Some of the vital mediastinal structures posterior to the SC joint include the innominate artery (also known as the brachiocephalic trunk), brachiocephalic vein, vagus nerve, phrenic nerve, internal jugular vein, trachea, and esophagus ( Fig. 10-8 ). Ponce et al. used contrast CT in 49 patients without identified injury to the neck or chest to define the proximity of these structures. The mean distance to the nearest anatomic structure deep to the clavicular region of the SC joint was 6.6 mm and was 12.5 mm for the sternal region. The brachiocephalic vein was the closest vital structure to the posterior aspect of both the right (average distance 6.0 ± 2.4 mm) and left (7.0 ± 2.5 mm) SC joint. As a percentage of all the nearest mediastinal structures, 26.0% were within 5 mm, 73.2% were within 10 mm, 87.2% were within 15 mm, and 92.9% were within 20 mm of the posterior SC joint. When operating in the region of the SC joint, it is critical to realize that an avascular plane (i.e., “safe zone”) exists anterior to the fascial layer and muscle bellies of the strap muscles ( Fig. 10-9 ).
Range of Motion of the Sternoclavicular Joint
The SC joint is freely movable and functions almost like a ball-and-socket joint in that the joint has motion in all planes, including rotation. The clavicle, and thus the SC joint in normal shoulder motion, is capable of 30 to 35 degrees of upward elevation, 35 degrees of combined forward and backward movement, and 45 to 50 degrees of rotation around its long axis ( Fig. 10-10 ). It is most likely to be the most frequently moved joint of the long bones in the body because almost any motion of the upper extremity is transferred proximally to the SC joint.

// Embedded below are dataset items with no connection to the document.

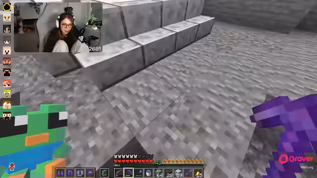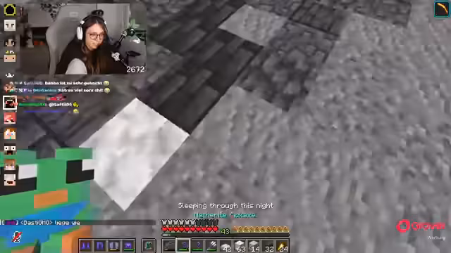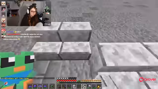 02:48:11Felica erleidet ihren ersten Tod im Spiel durch einen Zombie, was ihr sehr peinlich ist, da sie AFK war, um Wäsche zu machen. Sie wird von Heiko angerufen, der sie über ihren Tod informiert und ihr anbietet, ihre Sachen zurückzugeben. Es kommt zu einer humorvollen Verhandlung, bei der Felica ihre Sachen im Austausch für 20 Subs für ihr gebautes Haus zurückbekommen soll. Dieser 'Deal' wird von ihr als schlecht empfunden, aber sie muss ihn annehmen. Später stellt sich heraus, dass die Namen ihrer Werkzeuge, wie 'Safti' für ihre Schaufel und 'Fickerig' für ihre Elytra, auf Chat-Namen basieren, was als 'parasozial' und 'verrückt' bezeichnet wird. Felica ist frustriert über ihren Tod, der durch eine alltägliche Aufgabe verursacht wurde, und bedauert, dass sie Torbens Wäsche gemacht hat.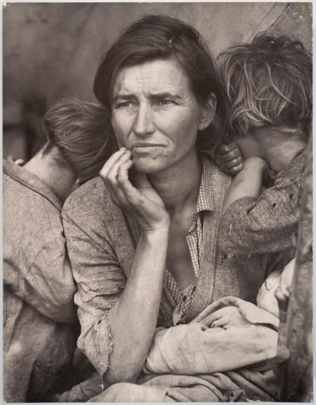 Dorothea Lange, “Migrant Mom”, Nipomo, California, 1936. Stampa alla gelatina d’argento, 18 3/4 x 14 1/2 pollici.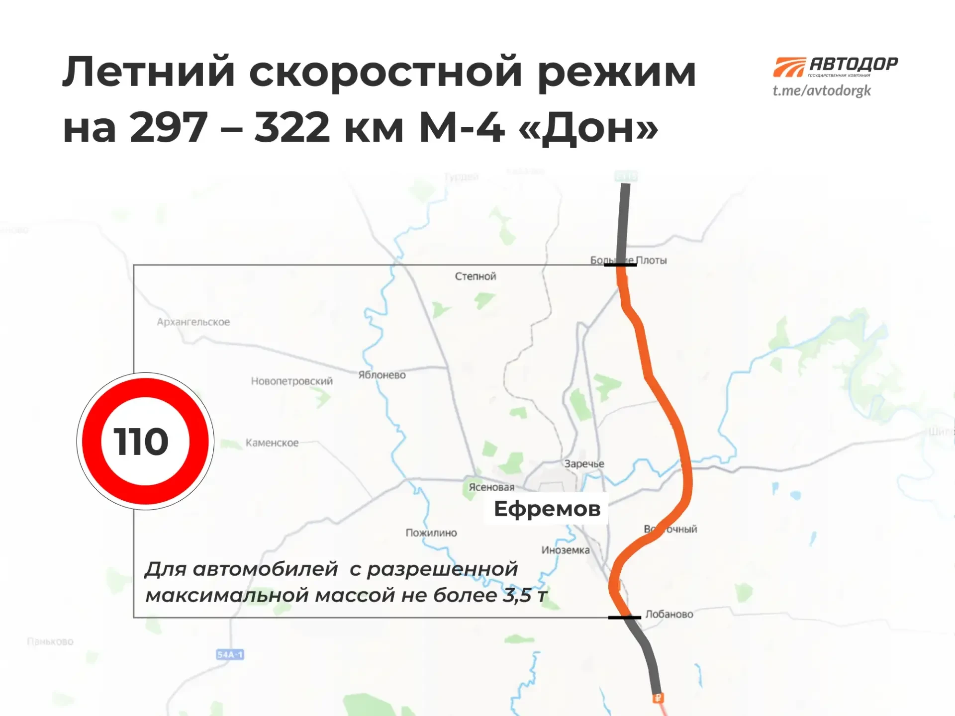 🔹 На участке М-4 «Дон» с 297-го по 322-й км — до 110 км/ч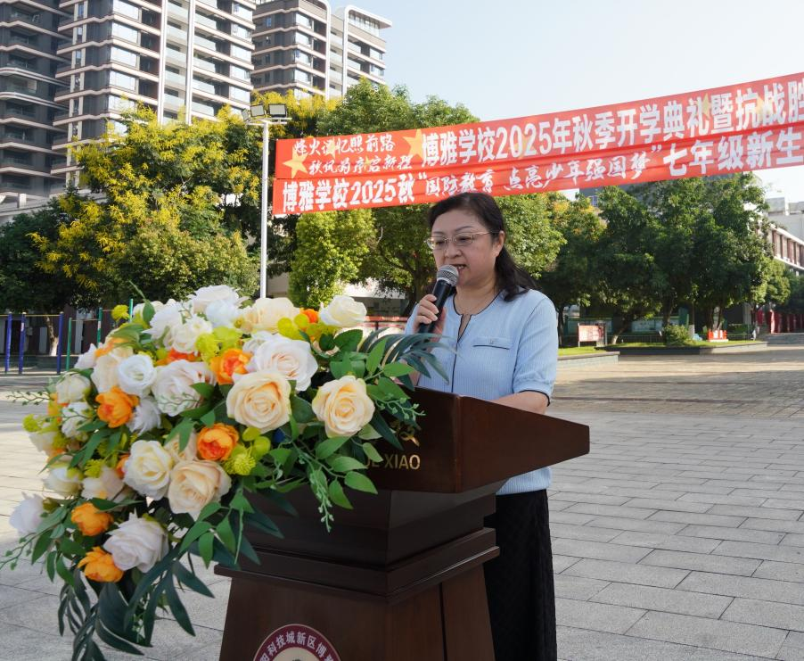 博雅學(xué)校校長唐慧在新學(xué)期致辭中,對同學(xué)們提出了殷切的期望。她希望同學(xué)們從楊靖宇等先輩身上明白愛國真諦,努力學(xué)習(xí),成長為有擔(dān)當(dāng)?shù)臅r代新人。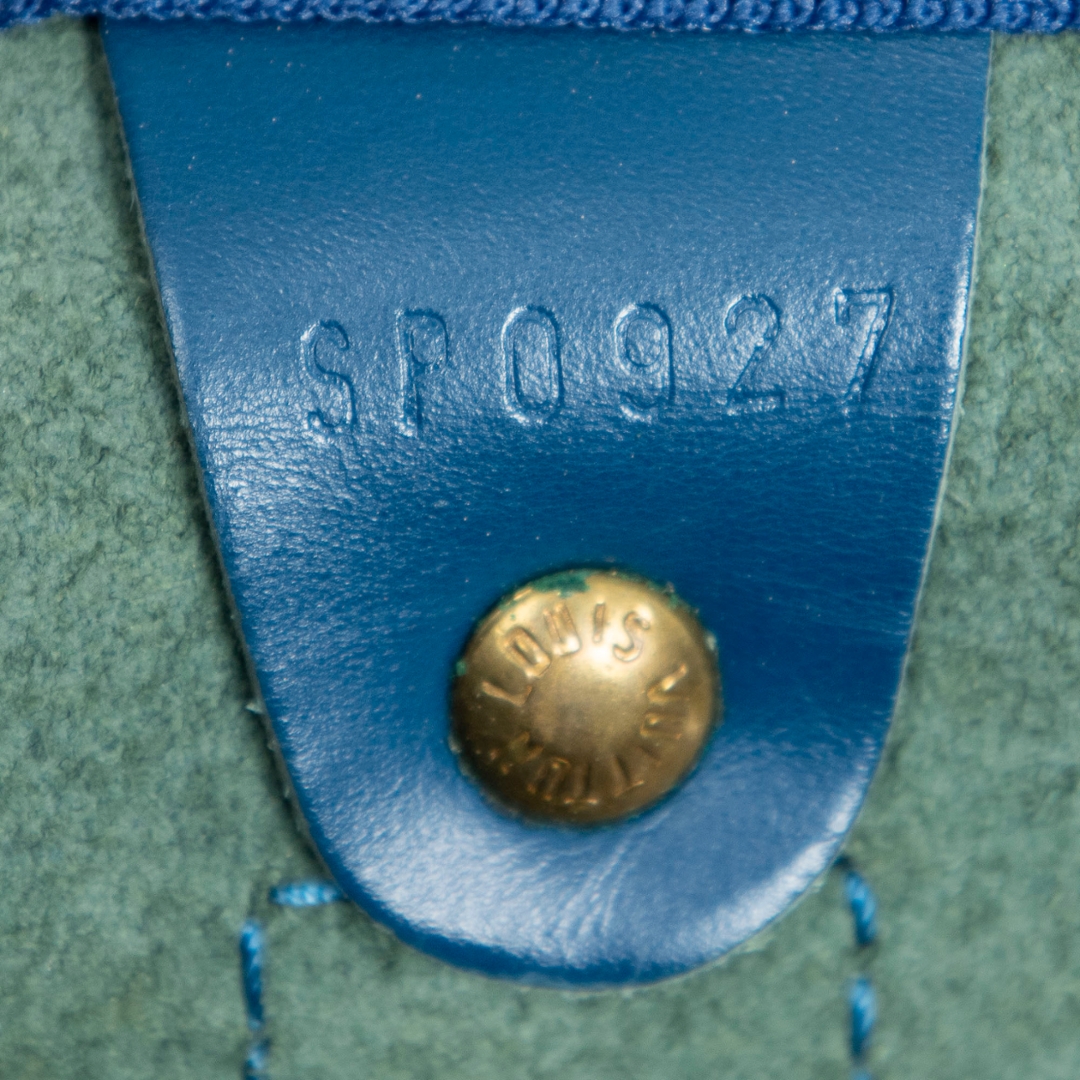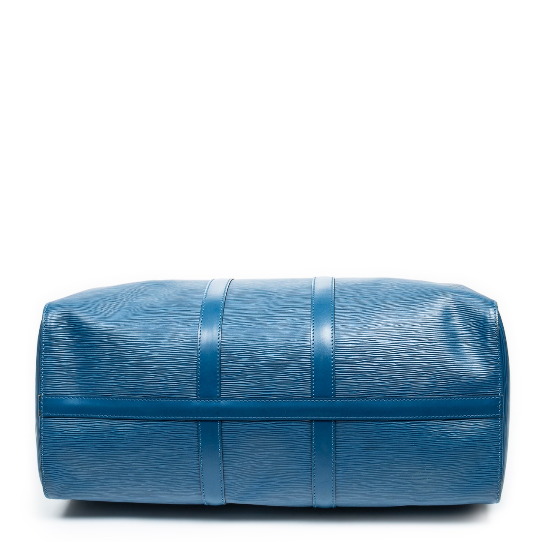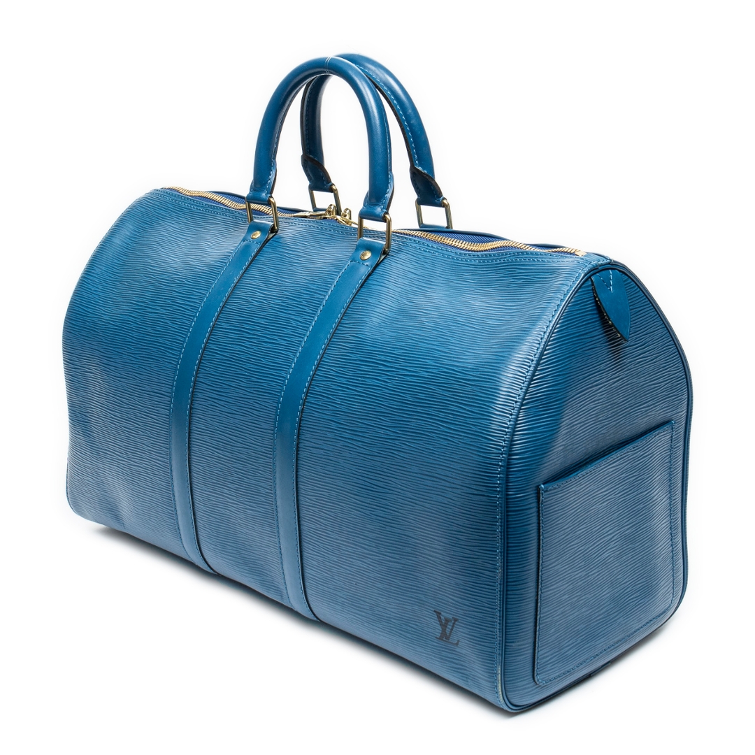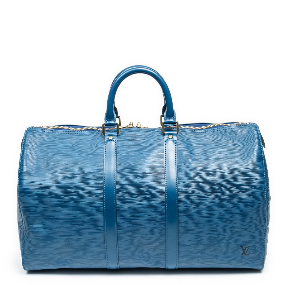 A vintage Louis Vuitton blue calf leather Keepall bag with a certificate of authenticity. Approximately 28cm height, 48cm width.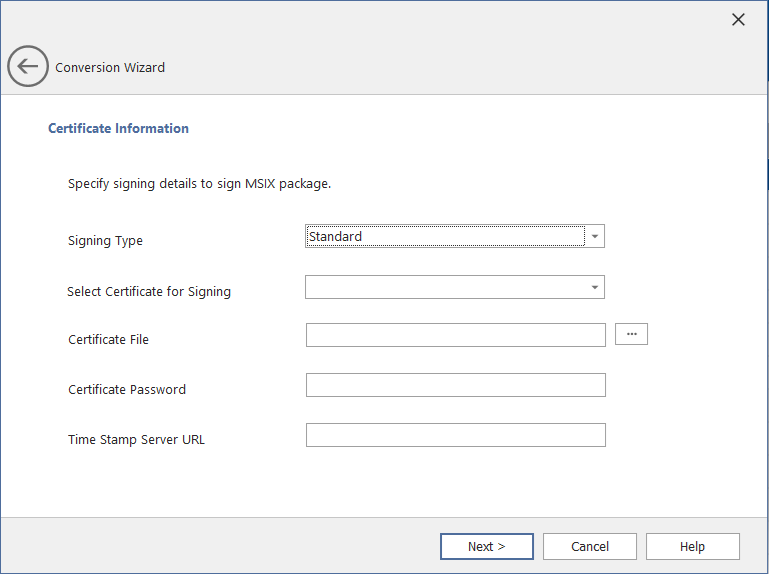 • Standard— Uses this option to digitally sign MSIX packages with a pre-configured certificate. Suitable for most common signing scenarios.
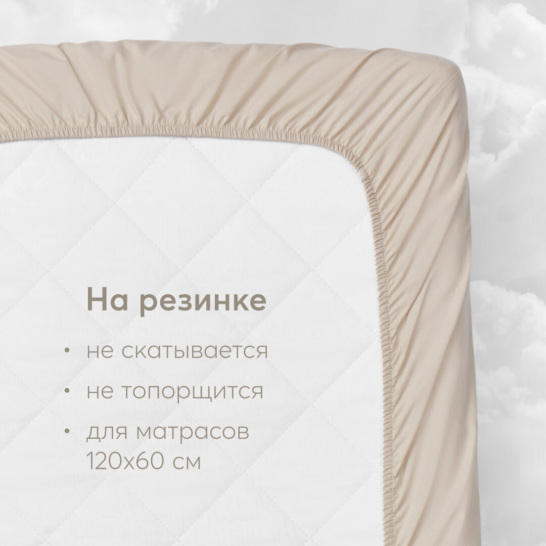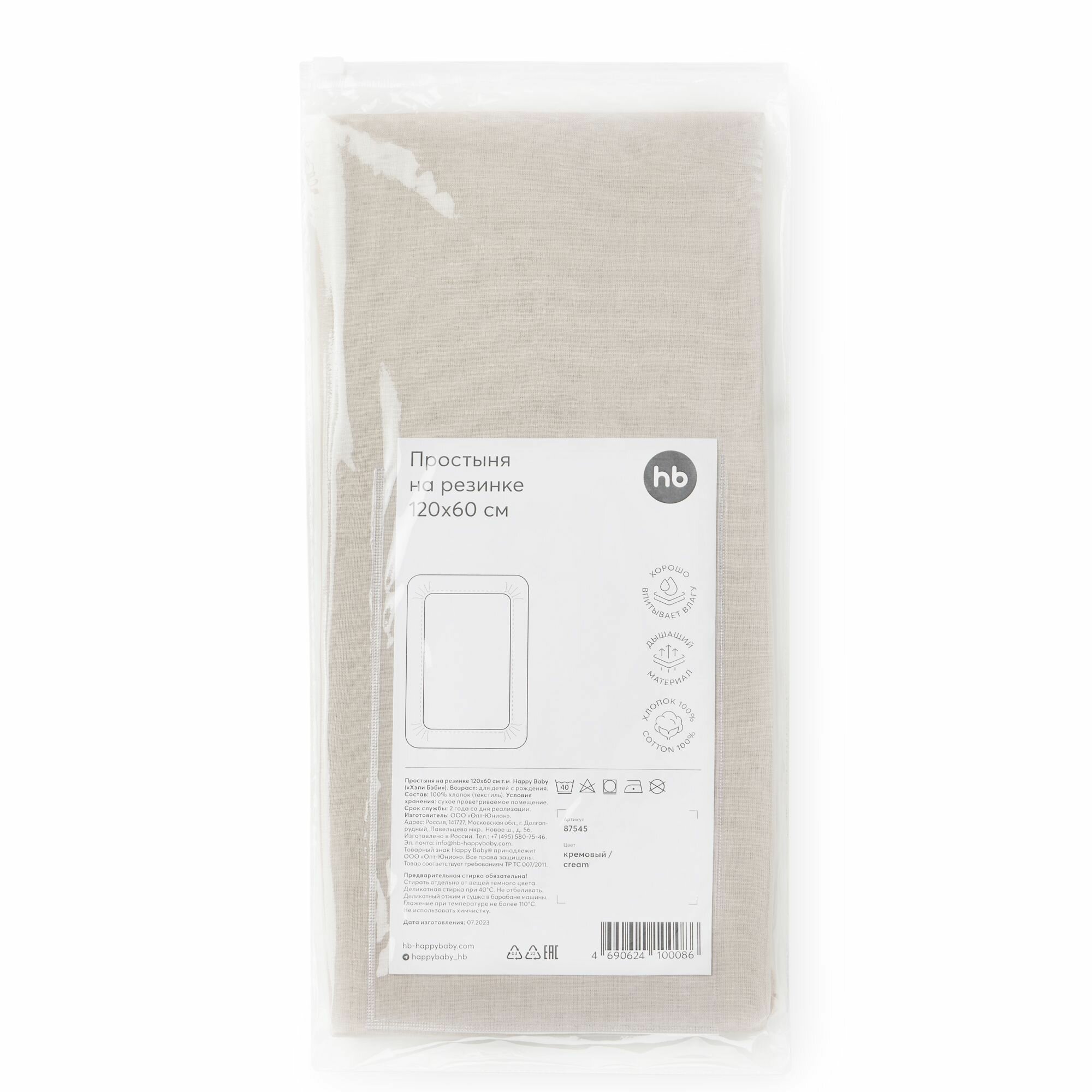 Купить 87545, Простыня на резинке Happy Baby, постельное белье детское, простынь на резинке в кроватку, размер 120х60, кремовая
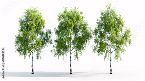 © sajid Pixel, Obraz premium Ulmus and Birch Trees: 3D rendering with transparent background for digital composition and architecture visualization.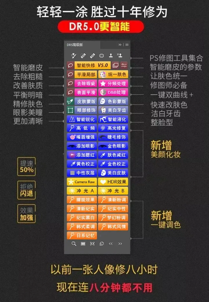 DR5.0的功能非常强大,作为Photoshop 摄影后期修图专业插件,拥有修图、磨皮、美白、塑型等30多个功能的插件,修图只需一键即可,轻松帮你搞定各种问题,快速简单为你带来更好的效果。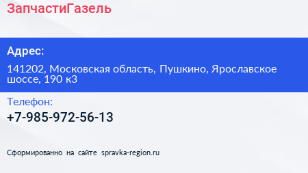 ЗапчастиГазель по адресу 141202, Московская область, Пушкино, Ярославское шоссе, 190 к3 в дальнейшем Организация, размещена в следующих категориях: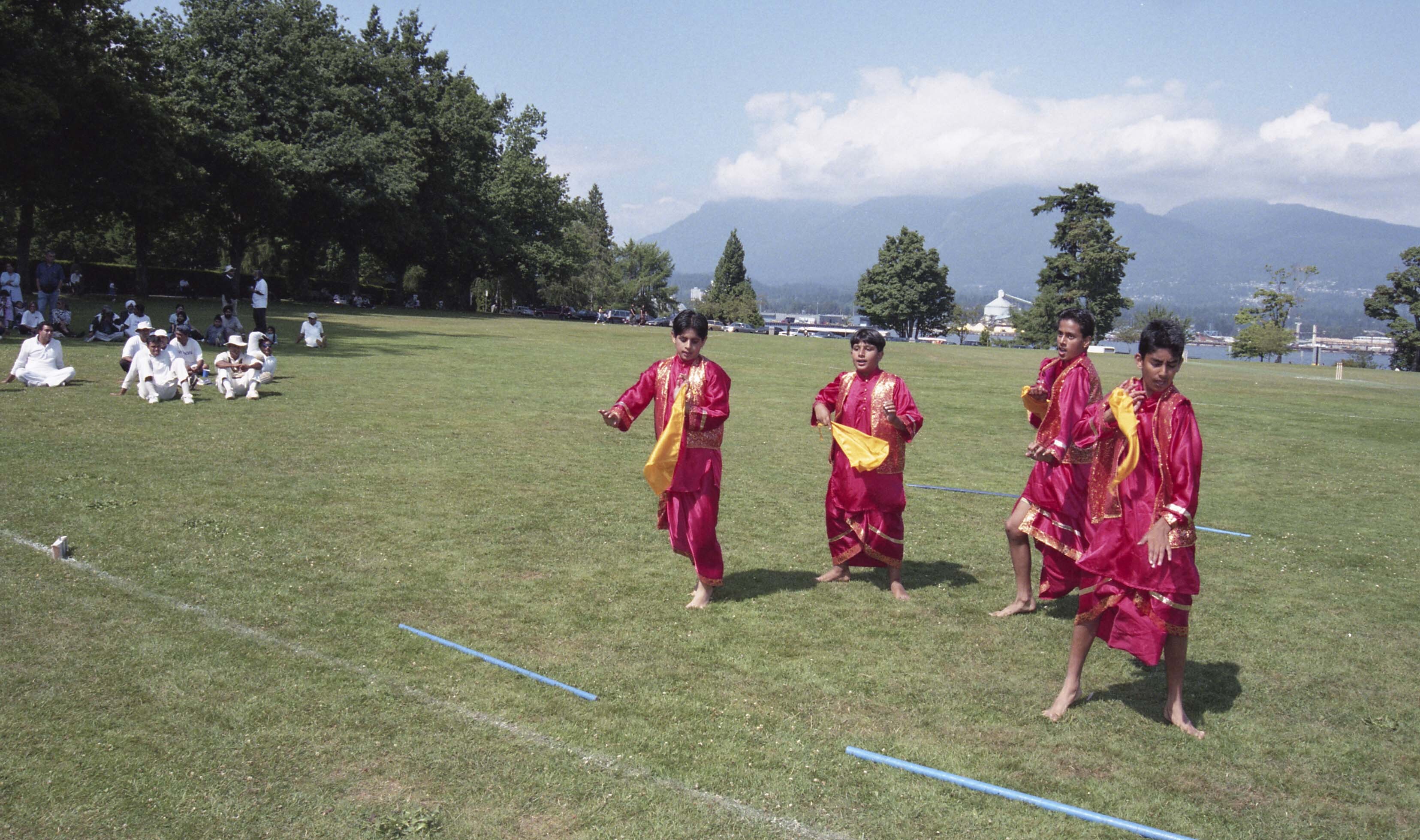 Photograph of a group of unidentified individuals performing bhangra at Stanley Park in Vancouver, British Columbia (B.C.). Individuals had gathered at Stanley Park for a cricket match.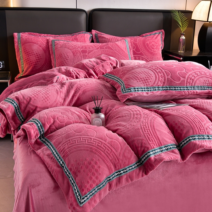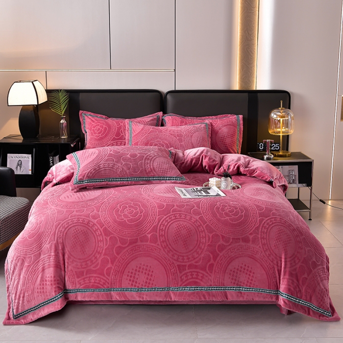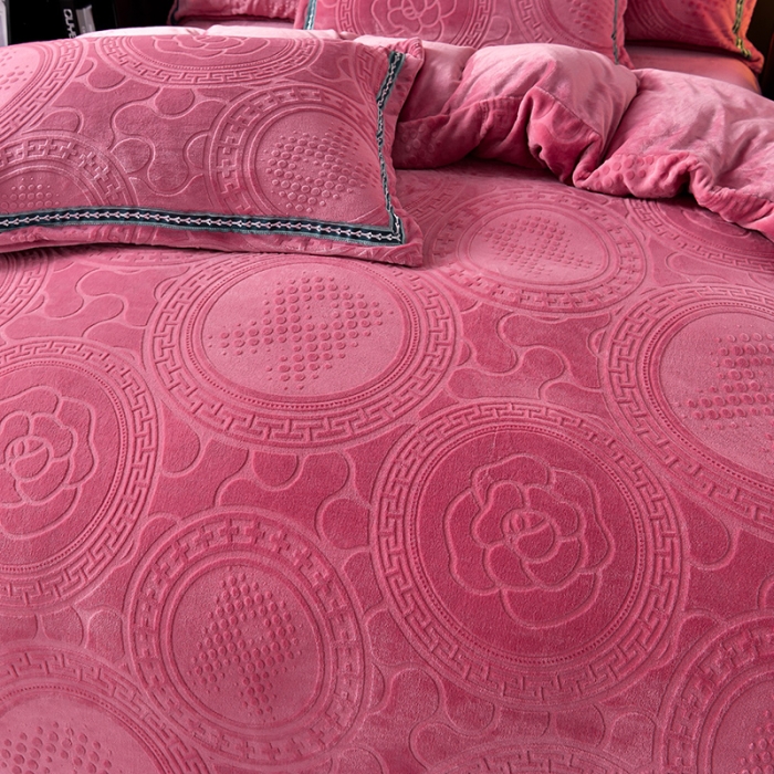 绒耀 2025新款高克重雕花绒四件套 荣耀-豆沙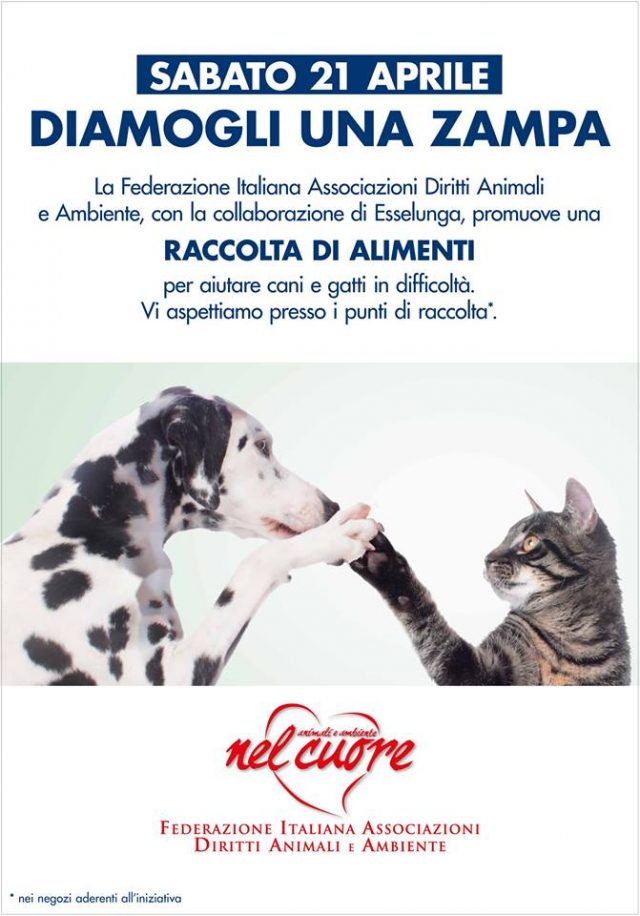 ANIMALI ABBANDONATI: SABATO 21 RACCOLTA DI SOLIDARIETA’ IN OLTRE 100 PUNTI-VENDITA ESSELUNGA, A CURA DELLA FEDERAZIONE ITALIANA ASSOCIAZIONI DIRITTI ANIMALI E AMBIENTE

Epiphysis of the Medial Clavicle
Although the clavicle is the first long bone of the body to ossify (intrauterine week 5), the epiphysis at the medial end of the clavicle is the last of the long bones in the body to appear and the last epiphysis to close ( Fig. 10-11 ). The medial clavicular epiphysis does not ossify until the 18th to 20th year, and it fuses with the shaft of the clavicle around the 23rd to 25th year. In an extensive cadaveric study of the medial clavicular physis in 605 males and 254 females, Webb and Suchey reported that complete union might not occur until 31 years of age. This knowledge of the epiphysis is important because we believe that many of the so-called SC dislocations in the younger population are fractures through the physeal plate.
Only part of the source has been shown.